*What you are asked to do:*
Pictures left aside, return the lines below exactly, from the one with "Kompletna karma premium" to the end, including both ends.

Segment Start: Extracted material

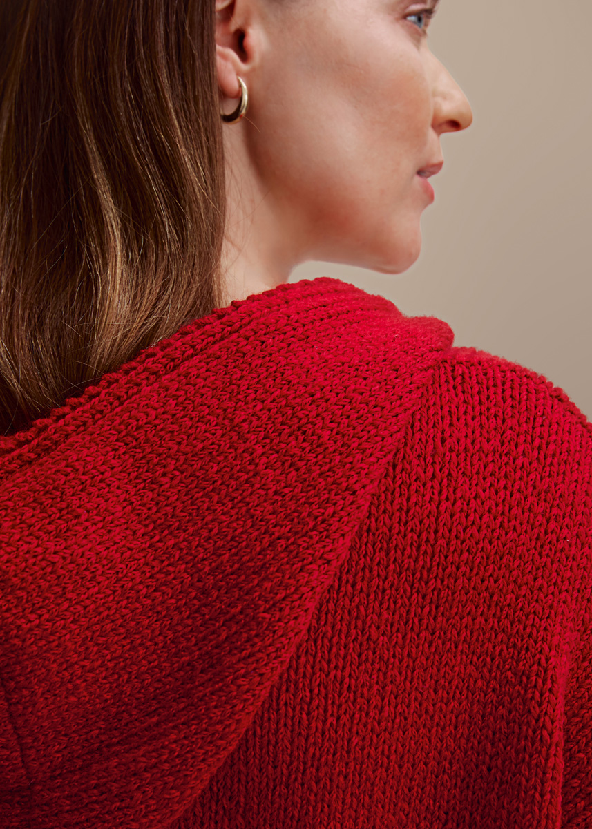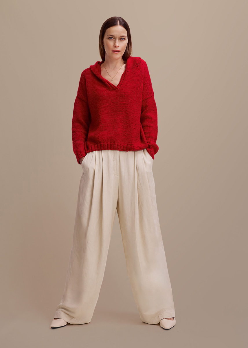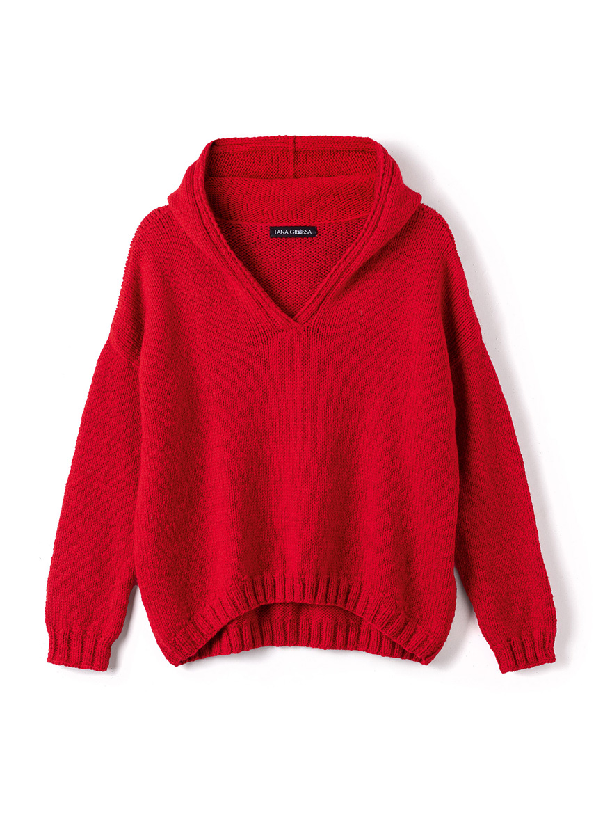Lana Grossa-Qualität „Cool Merino“ (90 % шерсть (меринос), 10 % полиамид, длина нити = ок.150 m/50 g): ок 450 (500–550–600–650) г красный (цв 34); сп. № 5 и 5,5; 1 кр. сп. № 5.
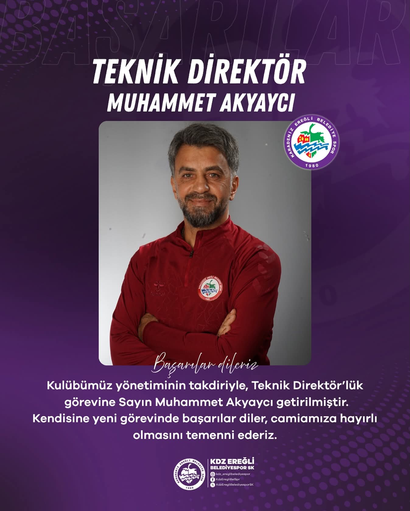 Kdz. Ereğli Belediyespor, teknik direktörlük görevine Türk futbolunun deneyimli ismi Muhammet Akyaycı’yı getirmiştir.
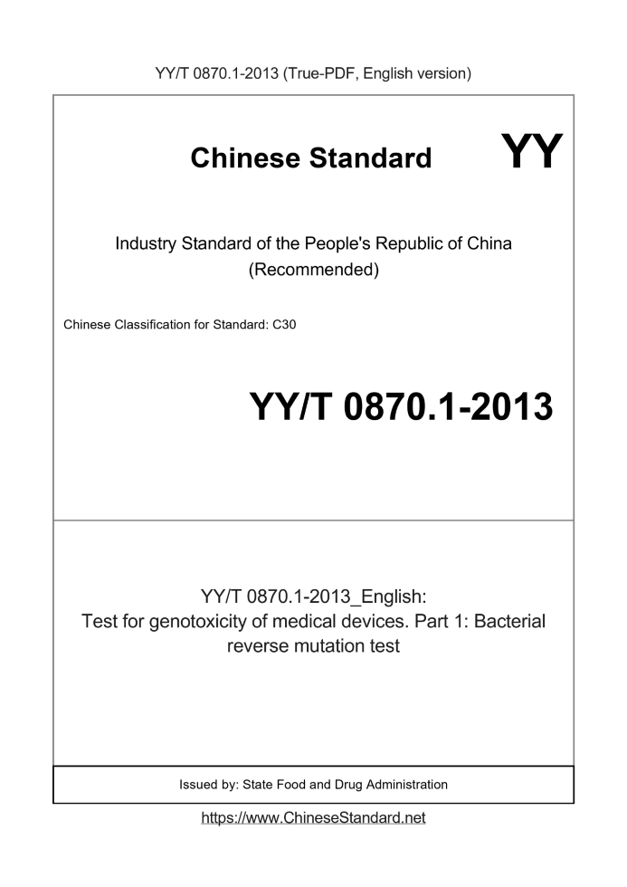 Delivery: <= 3 days. True-PDF full-copy in English will be manually translated and delivered via email. YY/T 0870.1-2013: Test for genotoxicity of medical devices. Part 1: Bacterial reverse mutation test Status: Valid
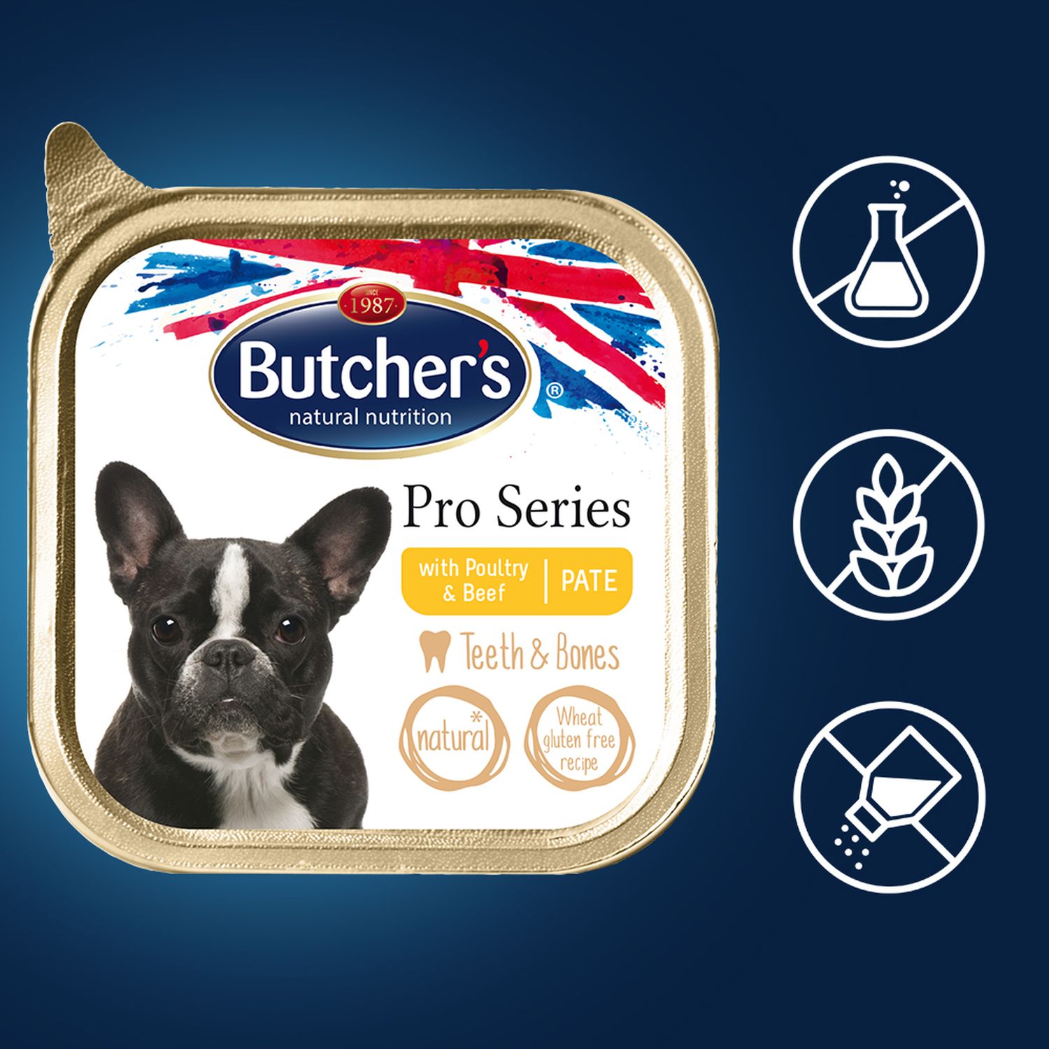 Kompletna karma premium w formie smakowitego pasztetu z najwyższej jakości drobiem i wołowiną, odpowiednia dla psów małych ras. Opracowana przez weterynarzy i dietetyków bezglutenowa receptura bogata w kompletny zestaw minerałów zadba o zdrowy wygląd skóry i sierści.
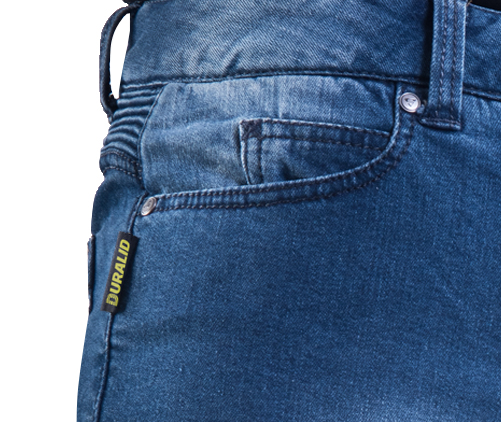 Duralid™, z którego wykonane są jeansy cechuje wysoki poziom bezpieczeństwa przy zachowaniu klasycznego wyglądu. Unikatowy splot włókien aramidowych tworzących materiał posiada wysoką odporność na czynniki mechaniczne i techniczne, zapewniając najlepszą ochronę. Co ważne, materiał pozwala skórze oddychać, więc podróż staje się czystą przyjemnością.

Segment End: Extracted material

*Response:*
 Kompletna karma premium w formie smakowitego pasztetu z najwyższej jakości drobiem i wołowiną, odpowiednia dla psów małych ras. Opracowana przez weterynarzy i dietetyków bezglutenowa receptura bogata w kompletny zestaw minerałów zadba o zdrowy wygląd skóry i sierści.
 Duralid™, z którego wykonane są jeansy cechuje wysoki poziom bezpieczeństwa przy zachowaniu klasycznego wyglądu. Unikatowy splot włókien aramidowych tworzących materiał posiada wysoką odporność na czynniki mechaniczne i techniczne, zapewniając najlepszą ochronę. Co ważne, materiał pozwala skórze oddychać, więc podróż staje się czystą przyjemnością.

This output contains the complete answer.